Subsequently, thanks to a large number of studies conducted by physiologists in Russia and other countries, new scientific data on the endocrine function of the pancreas were discovered. In 1990, the first transplantation of islets of Langerhans into humans was performed.
Prevention: how to preserve the islet apparatus?
Since the function of the islets of Langerhans of the pancreas is to produce substances important for humans, lifestyle modification is necessary to maintain the health of this part of the pancreas. Key points:
- giving up alcohol and smoking,
- eliminating junk food
- physical activity,
- minimizing acute stress and neuropsychic overload.
Alcohol causes the greatest harm to the pancreas: it destroys pancreatic tissue and leads to pancreatic necrosis - the total death of all types of organ cells that cannot be restored.

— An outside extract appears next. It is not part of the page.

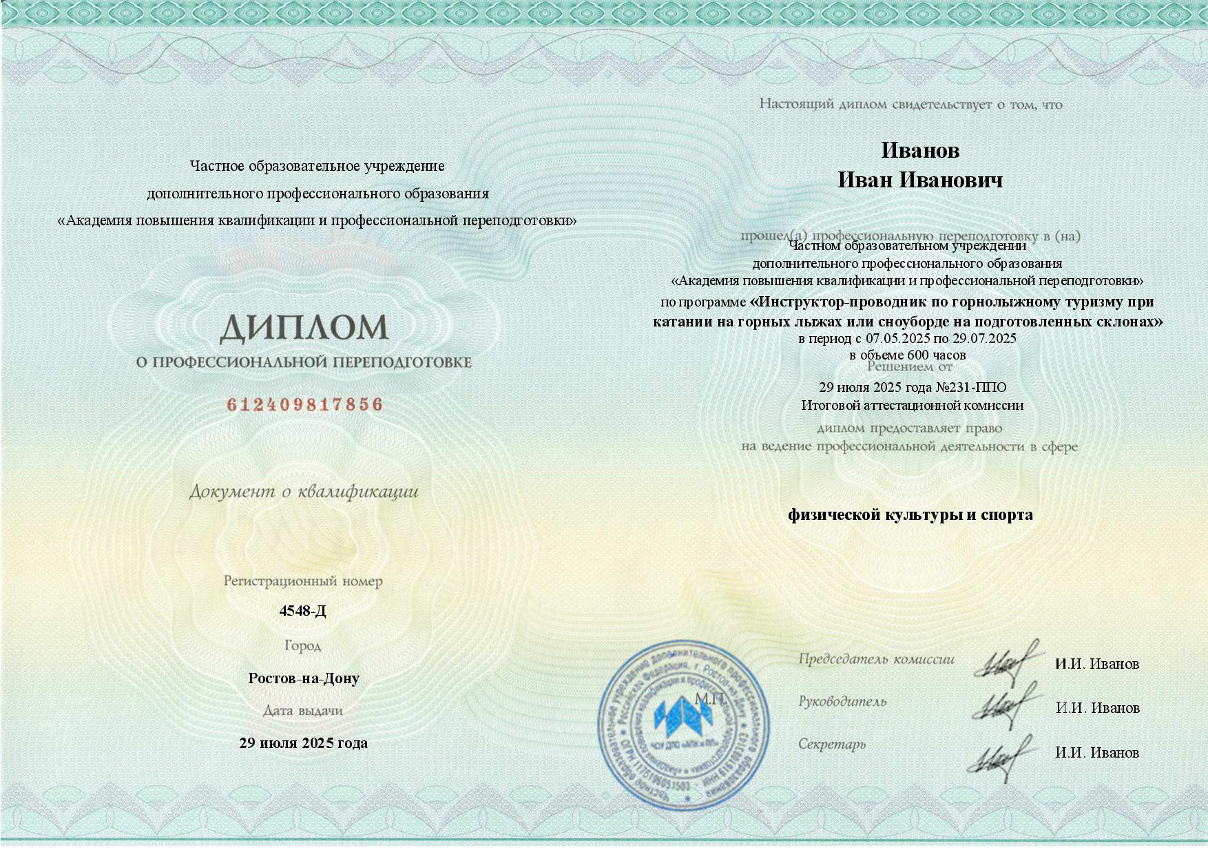 По итогу заочного обучения на инструктора-проводника по горнолыжному туризму при катании на горных лыжах или сноуборде на подготовленных склонах Вы получите диплом о профессиональной переподготовке с правом ведения деятельности. В дипломе указывается название программы «Инструктор-проводник по горнолыжному туризму при катании на горных лыжах или сноуборде на подготовленных склонах», количество часов, дисциплины, входящие в учебный план. Дистанционная форма обучения в дипломе не указывается.

Excessive consumption of fatty and fried foods leads to similar consequences, especially if this happens on an empty stomach and regularly. The load on the pancreas increases significantly, the number of enzymes that are necessary to digest large amounts of fat increases and depletes the organ. This leads to fibrosis and changes in the remaining cells of the gland.

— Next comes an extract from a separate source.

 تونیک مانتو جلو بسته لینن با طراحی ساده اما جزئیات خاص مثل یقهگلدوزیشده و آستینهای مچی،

Therefore, at the slightest sign of digestive dysfunction, it is recommended to consult a gastroenterologist or therapist in order to timely correct changes and early prevent complications.
Cell types
This diagram demonstrates the structural differences between the rat (top) and human (bottom) pancreatic islets: pars ventralis pancreas (abdominal part) - left; pars dorsalis pancreas (dorsal part) - on the right. Different types of cells are colored differently: alpha cells - red, beta cells - blue, delta cells - purple, PP cells - green, epsilon cells - yellow. Rodent beta cells, unlike humans, are grouped into a characteristic insulin core.
Alpha cells
Main article: Alpha cell
- Alpha cells make up 15...20% of the islet cell pool and secrete glucagon (a natural insulin antagonist).
Beta cells
Main article: Beta cell
- Beta cells make up 65...80% of the pool of islet cells - they secrete insulin (with the help of receptor proteins, they carry glucose into the cells of the body, activate the synthesis of glycogen in the liver and muscles, and inhibit gluconeogenesis).
Delta cells
Main article: Delta cell
- Delta cells make up 3...10% of the islet cell pool - they secrete somatostatin (inhibits the secretion of many glands);
PP cells
Main article: PP cage
- PP cells make up 3...5% of the pool of islet cells - they secrete pancreatic polypeptide (suppresses the secretion of the pancreas and stimulates the secretion of gastric juice).
Epsilon cells
Main article: Epsilon cell
- Epsilon cells make up <1% of the islet cell pool and secrete ghrelin (“hunger hormone” - stimulates appetite).